Os comportamentos destemperados foram protagonizados por Ciro Gomes. Depois de se ter aliado aos homens da cueca no Ceará, ele vem colocar-se como arauto da moralidade, como se puro fosse. O seu comportamento de oligarca de Sobral lhe serve paradoxalmente para criticar as oligarquias brasileiras. Entretanto, tal comportamento pode apresentar bons efeitos eleitorais por ter como alvo os tucanos, tendo ele sido um membro do PSDB, pelo qual chegou a ser ministro. A tarefa que lhe foi designada é propagar: “São todos iguais, fiquem, portanto, com o homem do povo!”
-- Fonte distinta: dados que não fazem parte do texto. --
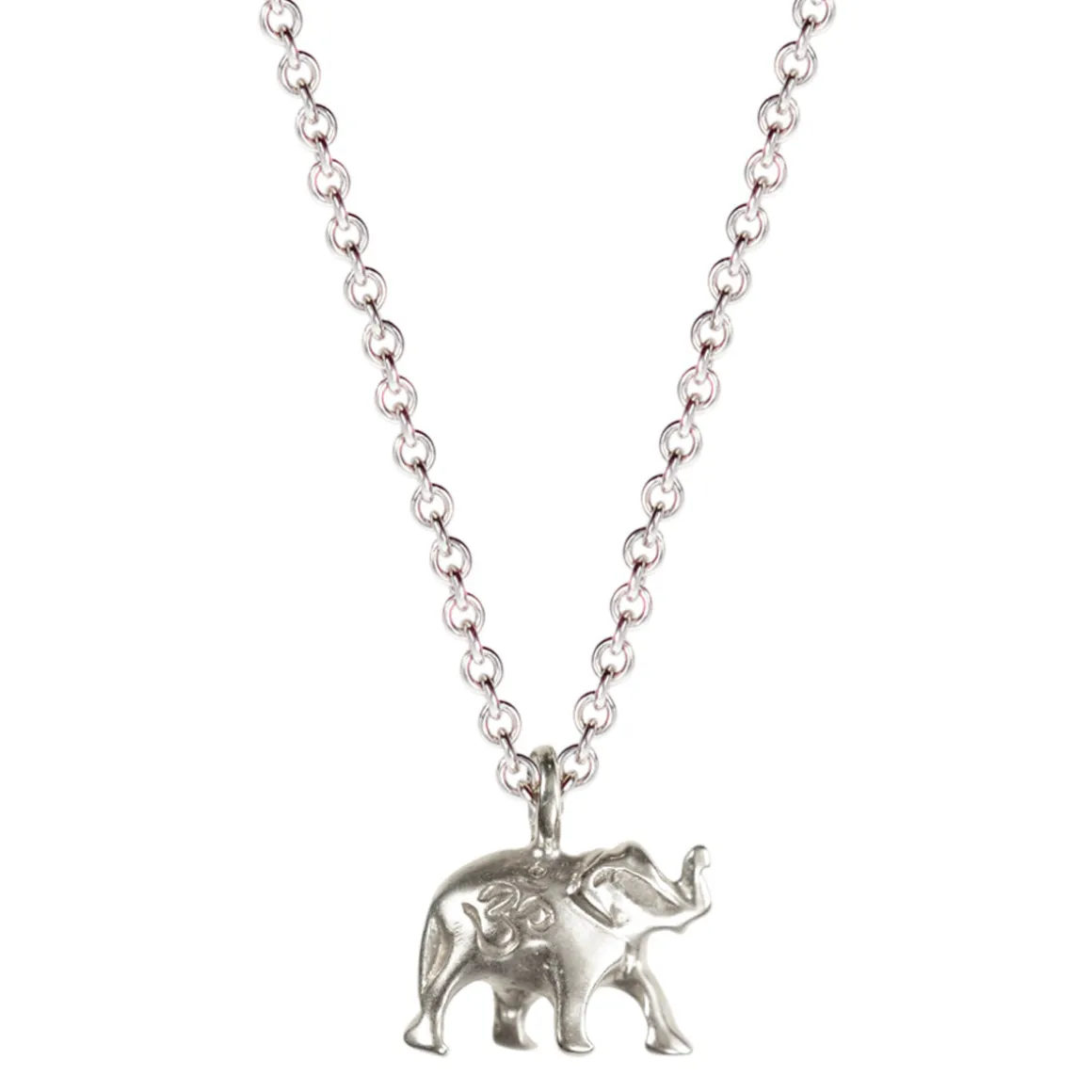 The Elephant is a revered symbol of luck, prosperity and wisdom. An elephant in stride is cast in recycledsterling silver and is engraved with an ‘Om’, the sound of the universe. It represents the divine and stands for the whole world and the sum of its parts; including past, present and future. The elephant measures approximately 1/2″ in length and 3/8″ width on a 16″ or 18″ sterling silver chain with aspring ringclosure.

As atitudes autoritárias estão representadas pelo ministro Tarso Genro, que se apressou a considerar “fascistas” as declarações de Alckmin no debate. “Fascista”, por definição, é todo aquele que ousa criticar o PT. “Fascista” é quem não segue o “petistamente correto”. Tal discurso revela que Lula teria acusado recepção do novo estilo adotado por Alckmin. As declarações do ministro devem ser lidas como um sintoma: o de que os tucanos utilizaram uma estratégia que eles não esperavam. Foram “politicamente incorretos”. Surge, mais uma vez, o viés autoritário do PT, que se esconde sob o véu de uma acusação de autoritarismo ao adversário.
As atitudes autoritárias encontram ainda respaldo em posições do MST e do Movimento dos Pequenos Agricultores (MPA) visando a radicalizar o processo político. Segundo eles, o segundo turno exibiria a “luta de classes” em ação, reavivando a comunhão ideológica com o PT e o PSOL. Esses “movimentos” temem, acima de tudo, a vitória de Alckmin, pois este fecharia as torneiras do seu financiamento oficial e não teria leniência com as invasões. O alvo, agora, é um eleitorado comum a toda a esquerda autoritária, seja ela representada pelo PT, pelo PSOL, pela CUT, pelo MST, pelo MLST, pelo MPA ou pelas Pastorais da Igreja. Eleitoralmente, trata-se de capturar os votos dos partidários de Heloísa Helena e Cristovam Buarque, principalmente da primeira. Sigam o “petistamente correto”, pois o caminho da salvação lhes estará assegurado!